How to complete this task
In the entries below, repeat only the lines between those holding "有一种兽,形状像马,白头、红" and "Ein Hutschmuck aus", inclusive. Leave pictures out.

Records contained in a dataset
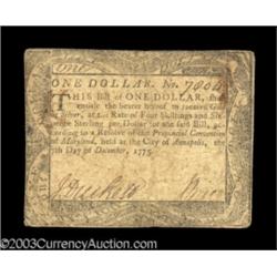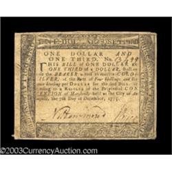 <TABLE cellSpacing=0 cellPadding=0 width="100%" bgColor=#000000 border=0><TBODY> <TR><TD width="100%"><TABLE cellSpacing=1 cellPadding=3 width="100%" border=0><TBODY><TR><TD width="100%" bgColor=#79735c><FONT face=arial color=#ffffff size=3><B>Description</B> </FONT></TD></TR><TR><TD width="100%" bgColor=#ffffff><FONT face=arial size=2><B>Two nice Maryland notes.</B></I> A $1 and a $1 1/3, both from the December 7, 1775 issue, both grading <B>Very Fine.</B></I> (175-up ) (2 notes) </FONT></TD></TR></TBODY></TABLE></TD></TR></TBODY></TABLE><BR><TABLE cellSpacing=0 cellPadding=0 width="100%" bgColor=#000000 border=0><TBODY><TR> 2 notes Important notice: Heritage usually auctions material at the rate of 200-250 lots per hour. On some occasions eBay Live bid software or the Internet may not be able to keep up with the pace of the auction. We recommend placing a realistic absentee bid now as insurance to avoid disappointment. Occasionally the auctioneer may eliminate or reject an eBay Live bid, and the auctioneer may also reopen a lot after the close of the eBay live bidding (usually because we missed an audience bid), and may reject your bid even if it shows you as the winning bidder. By bidding via eBay Live, you agree that Heritage may award the lot to another bidder at its sole discretion under the circumstances described above or any other reasonable circumstances. Also please note that all Heritage lots purchased through eBay Live carry a 20% Buyer's Premium. Please make sure you read the Terms and Conditions before you bid.</TR></TBODY></TABLE>
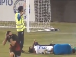 During yesterdays match between Anorthosis and Omonia Nicosia in Cyprus, a thug in the crowd (possibly inspired by a similarly classy display in Iran last month) throws an expolsive at an injured Anorthosis player.
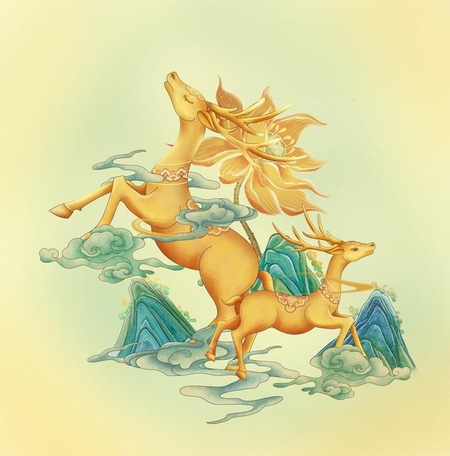 有一种兽,形状像马,白头、红身、斑纹像虎,声音像歌谣,名叫鹿蜀,佩戴它的皮毛可以子孙满堂。
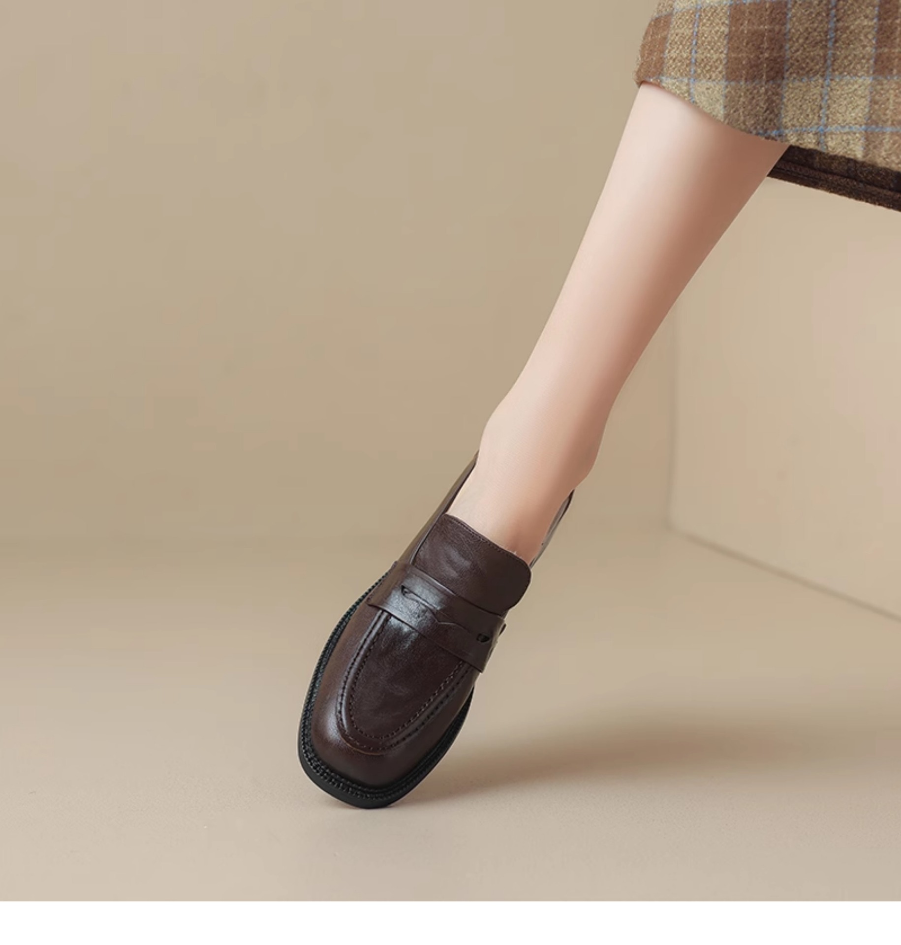 거친 뒤꿈치 작은 가죽 신발 2024 새로운 가을과 겨울 복고풍 다목적 로퍼 미드 힐 라운드 토 영국 스타일의 가죽 싱글 레이어 신발 여성용
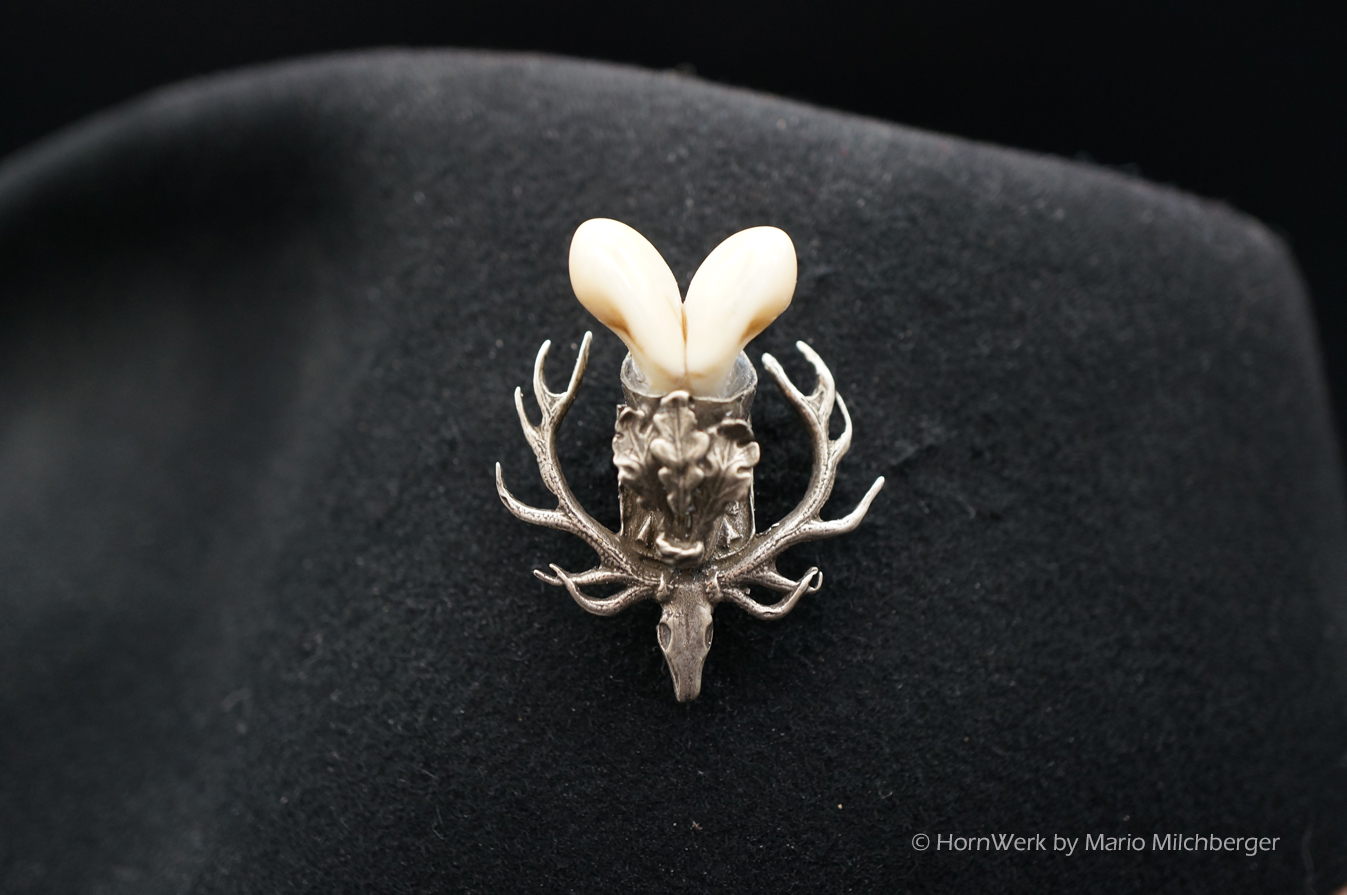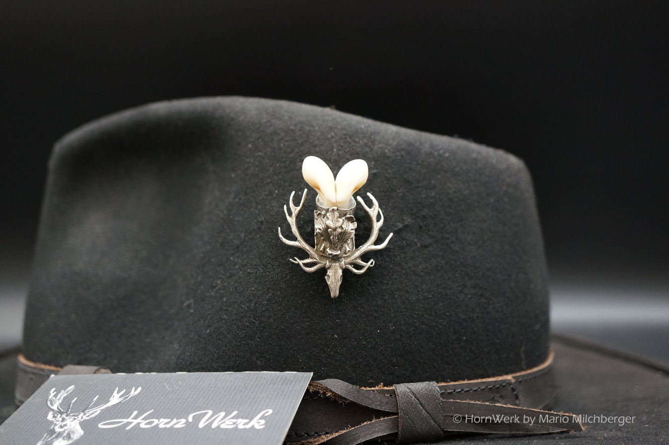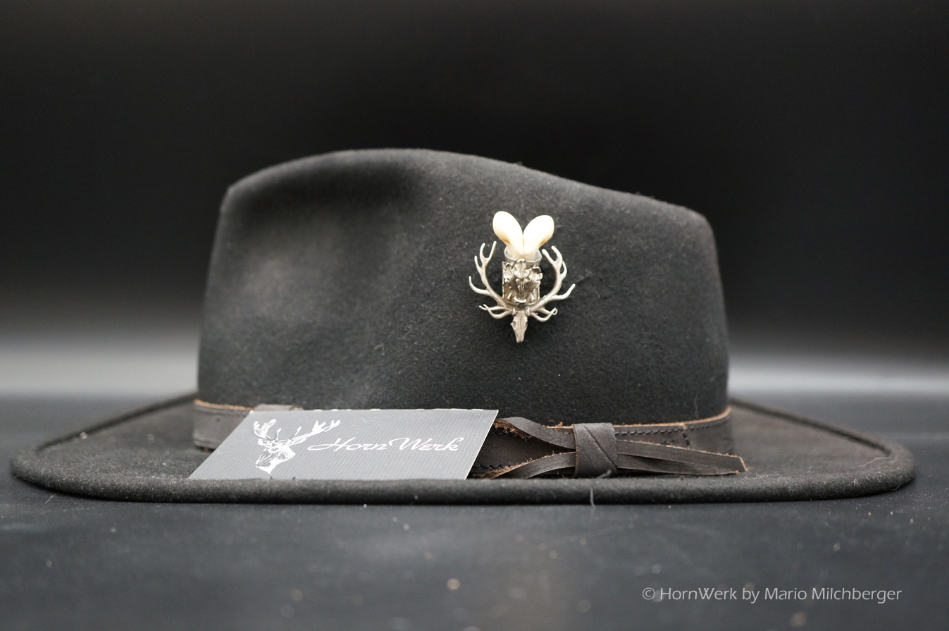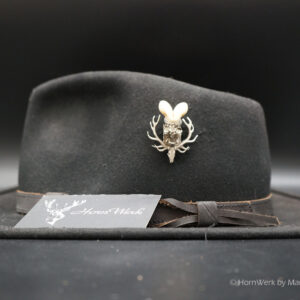 Ein Hutschmuck aus dem HornWerk wie er schöner und hochwertiger nicht sein könnte. Hergestellt aus einer der hochwertigsten Fassung aus echtem Neusilber. In dieses einmalige Stück wurden wunderschöne Grandeln eingearbeitet. Einfach ein großartiges und hoch exklusives Stück welches alle Blicke auf sich ziehen wird. Sichere dir dieses Unikat bevor du es bei jemand anderen siehst und bei diesem einzigartigen Stück sagen Bilder mehr als Worte. Ich wünsche bereits vorab viel Freude mit diesem schönen Unikat. Lg Wmh Mario vom HornWerk
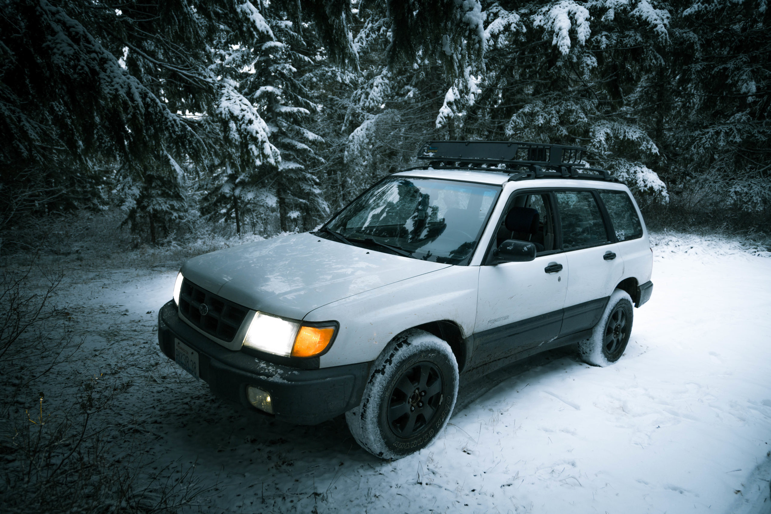 I initially had a set of 10 ply 30 inch mud terrain tires on my Subaru Forester. The guy I bought it from had installed them and was really proud that they were 10 ply. But they weighed roughly 50 pounds each and felt like they were beating the gearbox to death. I quickly realized that it was time for a new set of tires better suited for my old 2000 Forester that I’d purchased to drive out into the woods, and up to Timberline Lodge on the weekends.
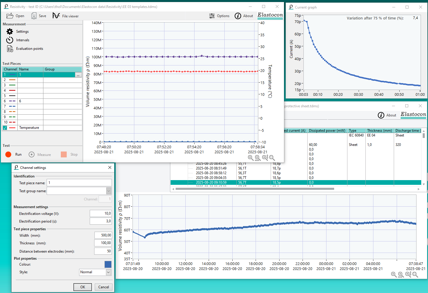 Perform resistivity measurements using test methods defined by industry standards ASTM, ISO and IEC. Analyze current–time plots to determine the proper electrification time for each material and review multiple readings to confirm stable and consistent results. Configure and automate measurements with the EC 14 Resistivity application. Loop or schedule tests to monitor resistivity changes over time, and export results for analysis.
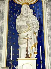 - La statue de la Vierge à l'Enfant est en pierre taillée, et a le revers plat. Elle mesure 190 cm de hauteur, et date du premier quart du XVIe siècle. Initialement polychrome, elle a été badigeonnée de blanc au XIXe siècle, et la couronne, ainsi que les bordures du voile et du manteau ont été dorées. La Vierge se tient debout, dans une posture légèrement déhanchée. Le regard serein, un peu perdu, elle porte l'Enfant Jésus assis sur son avant-bras gauche, sans vraiment lui porter attention. Le Fils, simplement vêtu d'un drapé qui lui couvre les jambes, tient un oiseau dans sa main gauche et lui donne un fruit à manger de sa main droite, tout en approchant sa tête de celle de sa mère. Les fleurons de sa couronne sont cassés, et l'état global de l'œuvre est insatisfaisant. C'est l'une des deux premières statues de l'église qui ont été classées au titre objet en mai 1905[18].

Reply to the exercise
 有一种兽,形状像马,白头、红身、斑纹像虎,声音像歌谣,名叫鹿蜀,佩戴它的皮毛可以子孙满堂。
 거친 뒤꿈치 작은 가죽 신발 2024 새로운 가을과 겨울 복고풍 다목적 로퍼 미드 힐 라운드 토 영국 스타일의 가죽 싱글 레이어 신발 여성용
 Ein Hutschmuck aus dem HornWerk wie er schöner und hochwertiger nicht sein könnte. Hergestellt aus einer der hochwertigsten Fassung aus echtem Neusilber. In dieses einmalige Stück wurden wunderschöne Grandeln eingearbeitet. Einfach ein großartiges und hoch exklusives Stück welches alle Blicke auf sich ziehen wird. Sichere dir dieses Unikat bevor du es bei jemand anderen siehst und bei diesem einzigartigen Stück sagen Bilder mehr als Worte. Ich wünsche bereits vorab viel Freude mit diesem schönen Unikat. Lg Wmh Mario vom HornWerk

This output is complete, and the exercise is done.